Ratih terdiam, menatap ujung sepatu jenggelnya yang basah. Percakapan asing ini terasa menusuk ulu hatinya yang paling dalam. Ia sendiri menghabiskan tiga bulan terakhir hanya untuk mengutuk kenyataan bahwa ibunya pergi tanpa memberi tanda-tanda, mati mendadak di atas amben dapur saat sedang menanak nasi.
Suara corong pengeras suara stasiun mendadak berderit nyaring, memuntahkan pengumuman kaku tentang posisi kereta yang sudah melewati Stasiun Lempuyangan.
“Namamu siapa?” tanya lelaki itu, menyodorkan tangan yang kasar, khas tangan kuli gambar proyek lapangan.
“Ratih,” jawabnya pendek, menyambut jabat tangan yang terasa hangat itu.
“Hendra,” sahut lelaki itu. Ia bangkit, memanggul ransel kanvasnya yang tampak berat saat sorot lampu lokomotif mulai membelah kabut malam di ujung rel.
Besi tua kereta Prameks itu mengerem dengan jeritan memekakkan telinga, menciptakan kepulan asap tipis dan bau kampas terbakar yang menyengat hidung. Pintu gerbong terbuka otomatis. Beberapa penumpang turun dengan langkah gontai, wajah-wajah kuyu tipikal kaum pekerja yang kehabisan energi di penghujung hari.

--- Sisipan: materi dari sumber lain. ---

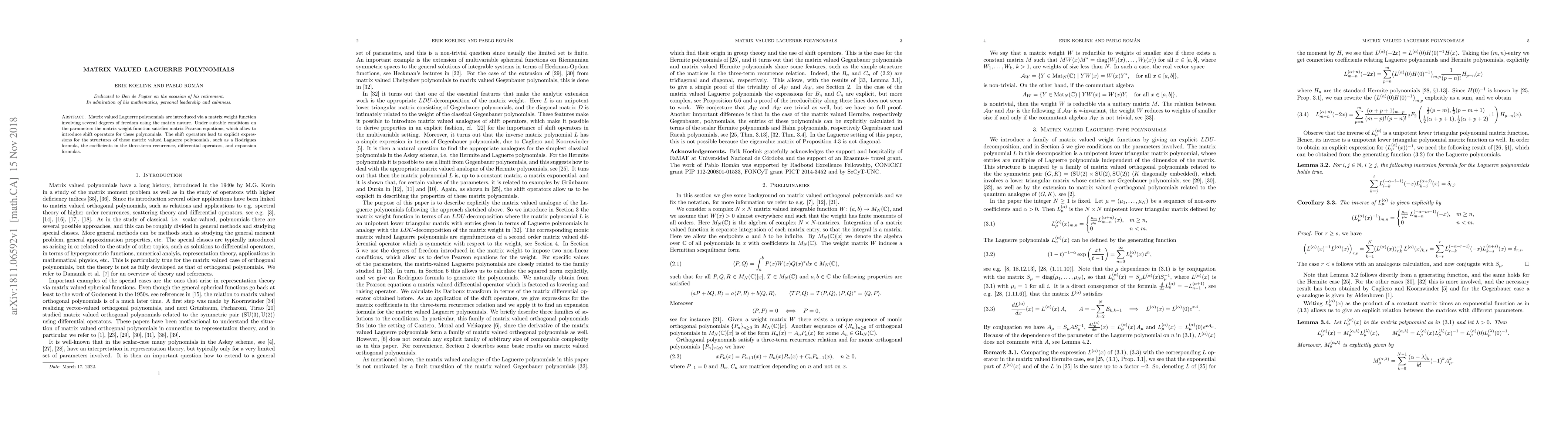 Matrix valued Laguerre polynomials are defined using a matrix-weighted function and satisfy matrix Pearson equations, enabling the introduction of shift operators and derivation of explicit expressions for their structures, including Rodrigues formula and recurrence relations.

Hendra melangkah mendekati pintu gerbong, namun ia mendadak menghentikan kakinya tepat di batas garis kuning peron. Ia membalikkan badan, menatap Ratih yang masih duduk mematung di bangku semen.

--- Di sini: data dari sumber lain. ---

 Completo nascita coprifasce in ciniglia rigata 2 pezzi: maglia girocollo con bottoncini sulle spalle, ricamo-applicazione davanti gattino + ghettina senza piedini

“Kamu tidak mau ikut sekalian?” tanya Hendra, nadanya setengah menantang, setengah memohon.
Ratih menatap pintu gerbong yang menganga, lalu beralih pada sosok Hendra. Di balik punggung Hendra, di dalam gerbong yang remang-remang, Ratih mendadak melihat bayangan ibunya sedang duduk di dekat jendela, mengenakan kebaya lurik kesayangannya, tersenyum sambil melambaikan tangan perlahan.
Jantung Ratih berdegup kencang, pandangannya mengabur oleh air mata yang mendadak meleleh di pipi. Ia mengedipkan mata, dan bayangan ibunya lenyap, berganti menjadi seorang nenek tua yang sedang memeluk bakul jualan kosong.
“Tidak,” kata Ratih, suaranya mantap, seolah baru saja melepaskan batu besar yang menyumbat tenggorokannya selama ini. “Kota ini masih punya urusan dengan saya.”
Hendra tersenyum, kali ini sebuah senyuman yang lepas dan tulus. Ia mengangguk sekali, lalu melompat naik ke dalam gerbong. Pintu menutup dengan deburan angin yang keras. Kereta terakhir itu bergerak perlahan, meninggalkan stasiun, membawa pergi semua keraguan Hendra dan menyisakan Ratih yang berdiri tegak di atas peron basah, siap pulang ke kamar kosnya untuk mulai merapikan baju-baju almarhumah ibunya.